Среди артистов, с которыми я работала в АНСС, была Нелли Уоллас, великая эстрадная артистка тех дней и замечательный человек. Мы разместились в общежитии, и однажды утром, выйдя из своей комнаты на самом верхнем этаже, я встретила Нелли, которая в лосинах делала упражнения "у станка". Она держалась рукой за перила и делала "подъемы", приговаривая: "Нет. Они больше не делают это так, как мы..."
Через неделю она ушла от нас и присоединилась к другой группе, а на следующий день общежитие получило телеграмму, объяснявшую, что она оставила свои лучшие воскресные вставные зубы в стакане около постели. Не могли бы они сразу же выслать их ей?

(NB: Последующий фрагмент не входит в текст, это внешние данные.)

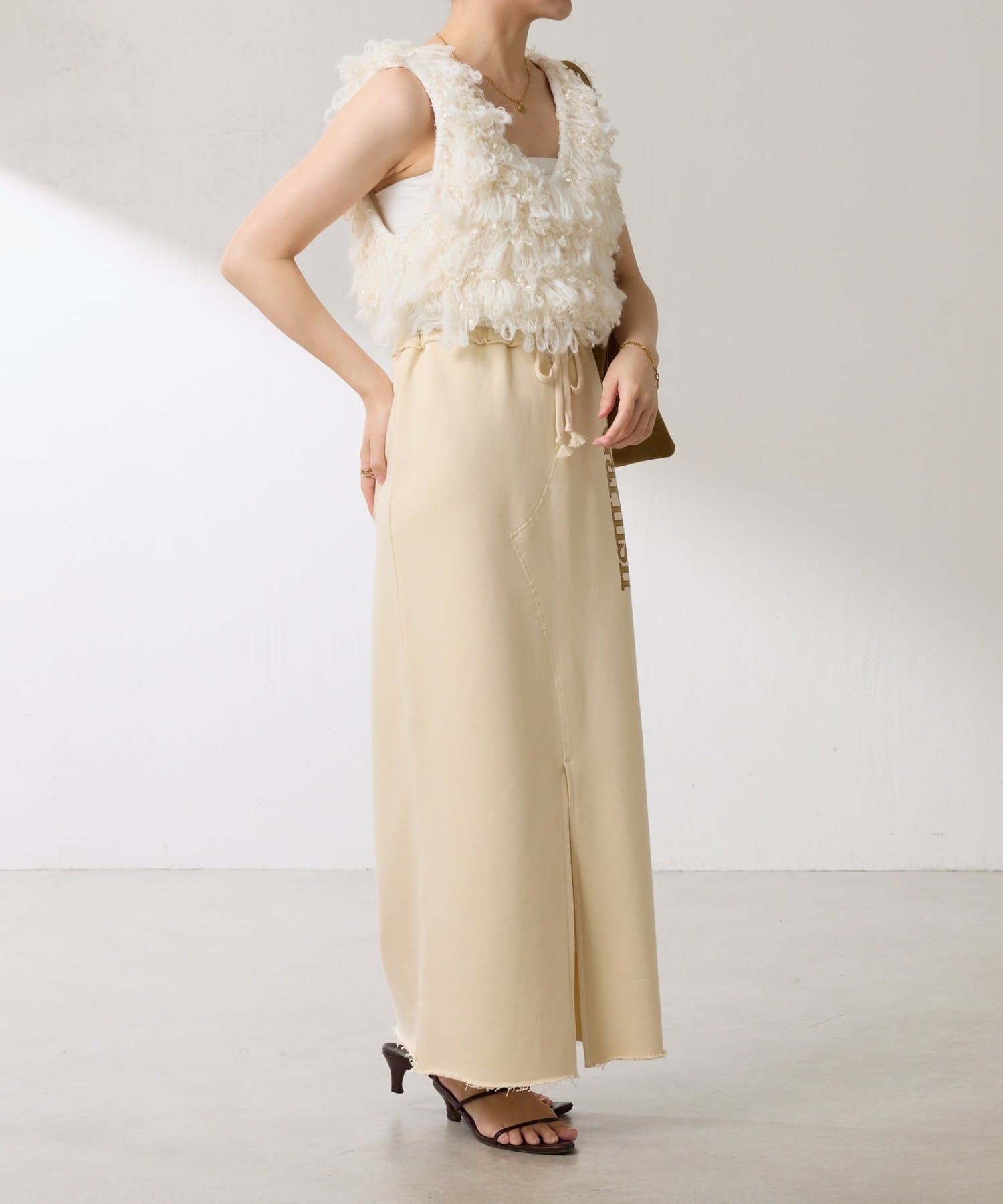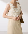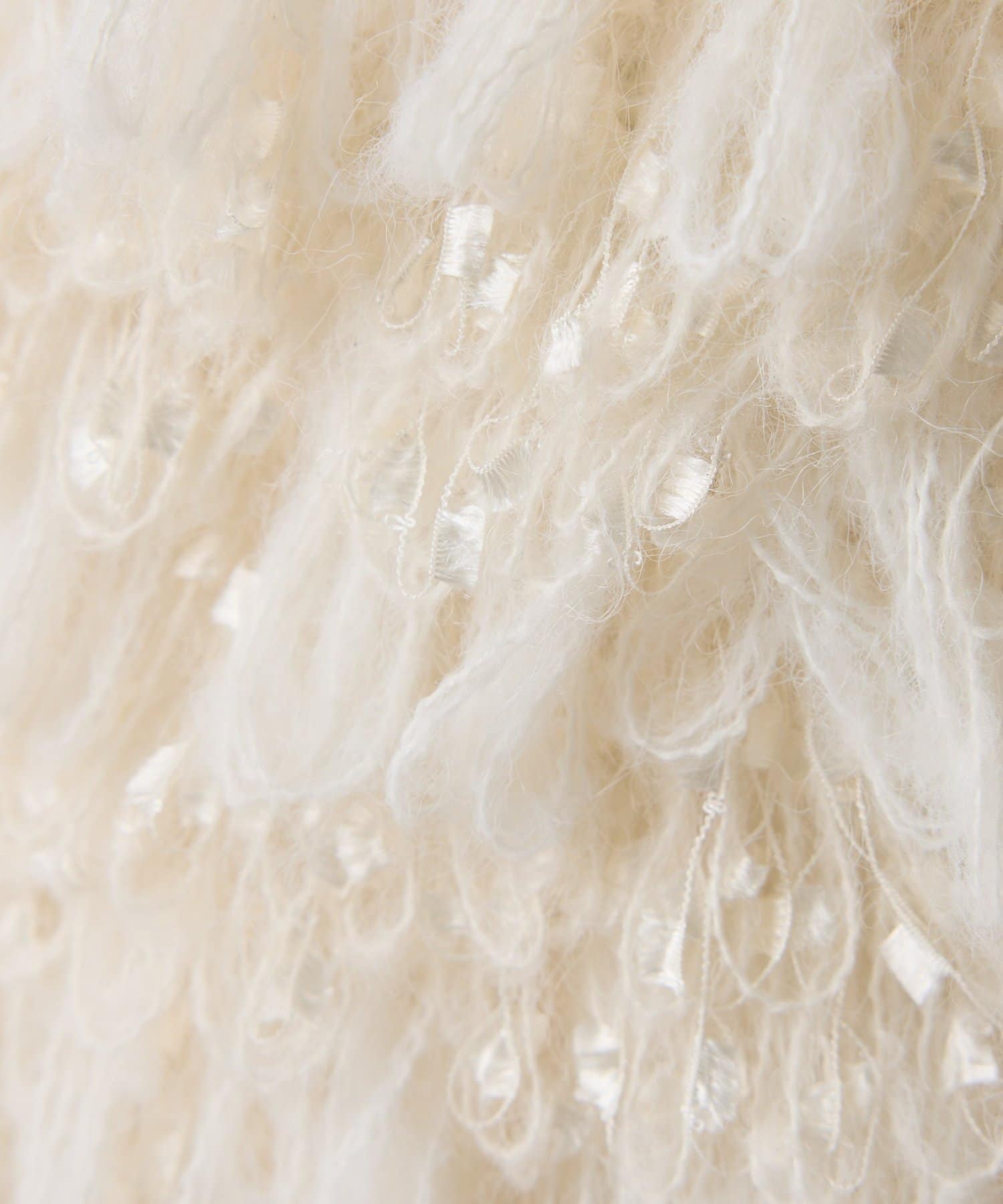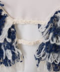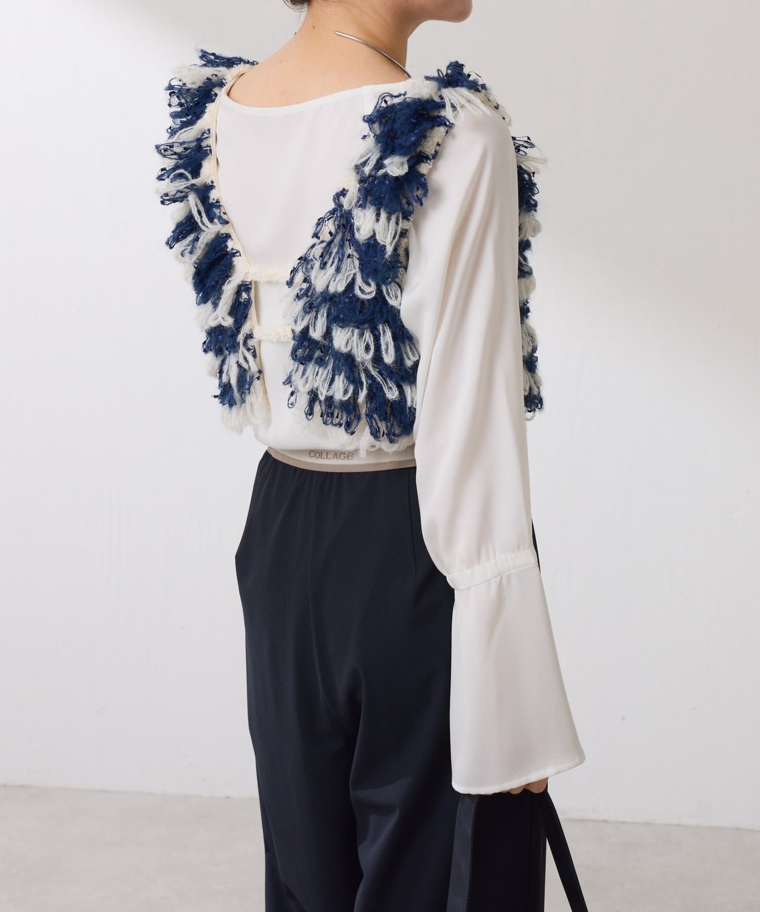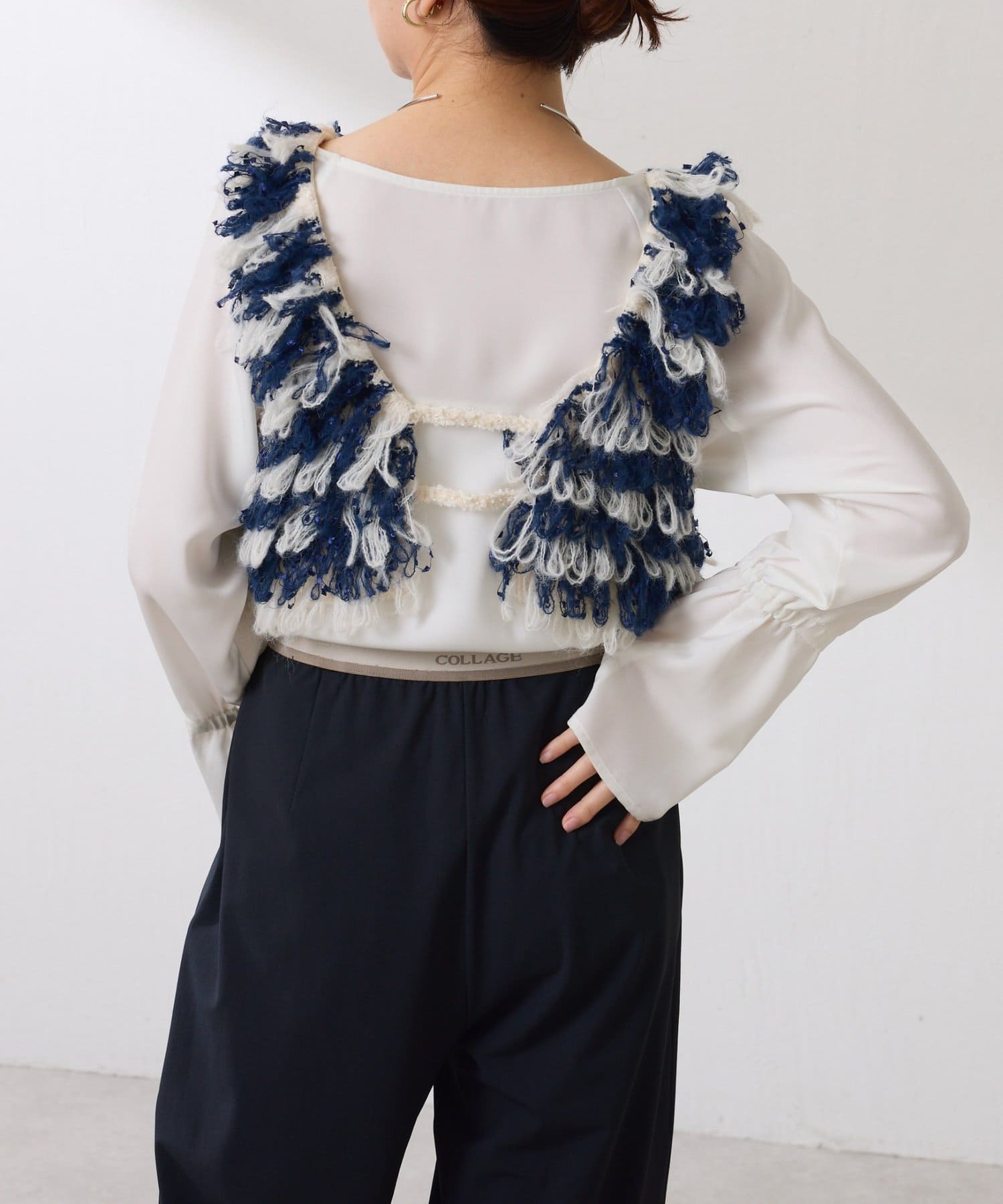 ・2種類の糸でボーダー状にループを出したクロップドのニットベスト。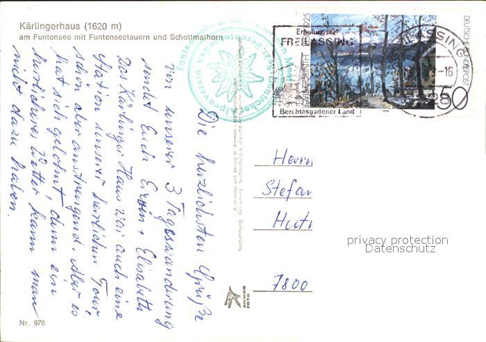 71952469 alte Postkarte Kaerlingerhaus am Funtensee mit Schottmalhorn postalisch gelaufen KatCode: 11110009172116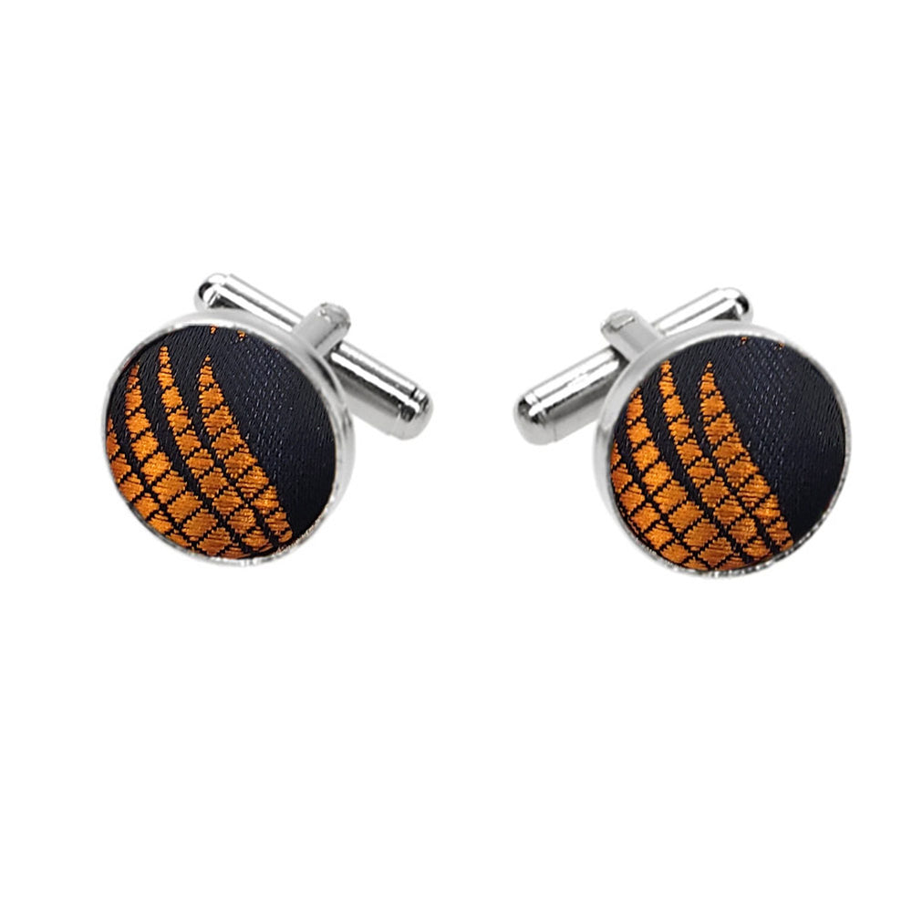 Here's a fun pair of cufflinks to add to your outfit. The orange and black torch-like pattern is made from fabric. We've placed it on a silver-tone backing to give it a stylish, designer look. Simple to use and easy to match. Wear these to work, set your wedding day outfit on fire or give these as a gift.

В конце 1941 года мы прибыли в Глазго со спектаклем "Шоу Боут", в
котором я "один раз кашляла, один раз плевалась", и там мы
остановились, когда в начале "блицкрига" на город упали первые
бомбы. Все лондонские театры были закрыты, и будущее выглядело
очень мрачным. (Я помню, что однажды во время репетиции этого
самого "Шоу Боут" в старом театре Скала в Лондоне перед гастролями
мы вышли из театра на перерыв, и нам пришлось уворачиваться от
шрапнели, дождем лившейся сверху и крошившей тротуары.)
Поскольку я застряла в Глазго, меня убедили попробоваться на роль
Красавчика Принца Чарли в пантомиме с тем же названием, которая
должна была быть поставлена в историческом Театре Метрополь.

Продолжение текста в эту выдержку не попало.